= Joseph-Élisée Beaudet =

Canadian politician

Joseph-Élisée Beaudet (October 25, 1832 - February 15, 1910) was a businessman and political figure in Quebec. He represented Chicoutimi-Saguenay in the Legislative Assembly of Quebec from 1880 to 1881 as a Conservative. His name also appears as Élisée Beaudet.

He was born on October 25, 1832, in Lotbinière, Lower Canada, the son of Amable Beaudet and Félicité Chabot. He was partner with Eugène Chinic in the firm Chinic et Beaudet, later the Chinic Hardware Company of Québec. Beaudet was also co-owner of a sawmill at Betsiamites and director and vice-president for the Quebec and Lake St. John Railway.
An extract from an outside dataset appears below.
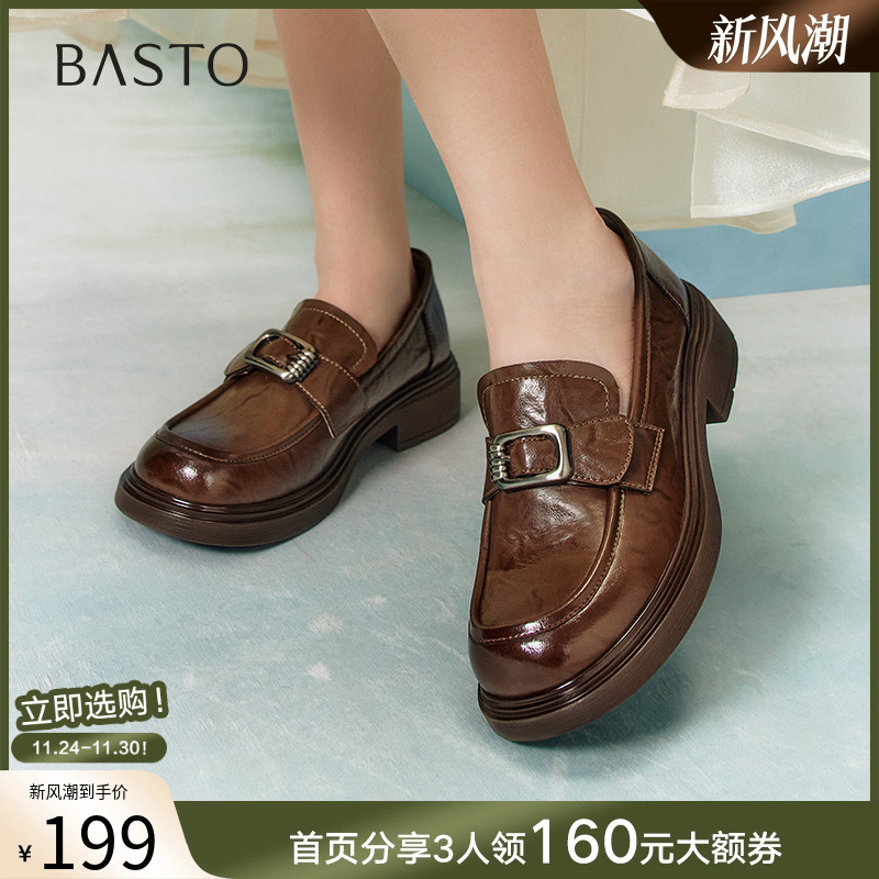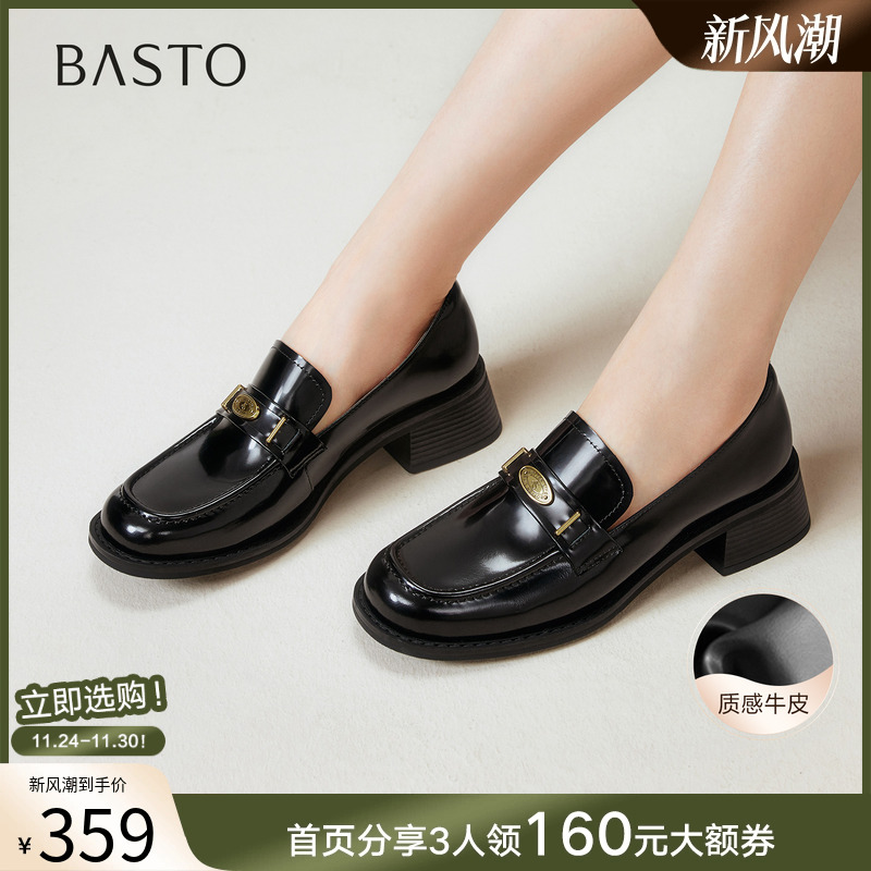 百思图2025秋季新款牛皮英伦风乐福鞋粗跟小皮鞋女单鞋C5851CA5

He later served as a customs official at Quebec City. He was married twice: to Éléonore-Georgianne Hardy in 1859 and to Emma Bourgeois in 1906.

He was first elected to the Quebec assembly in an 1880 by-election held after William Evan Price resigned his seat for health reasons. He did not run for re-election in the 1881 general election. He was an unsuccessful candidate in an 1886 by-election in Lotbinière. Beaudet died in Quebec City and was buried at Sainte-Foy.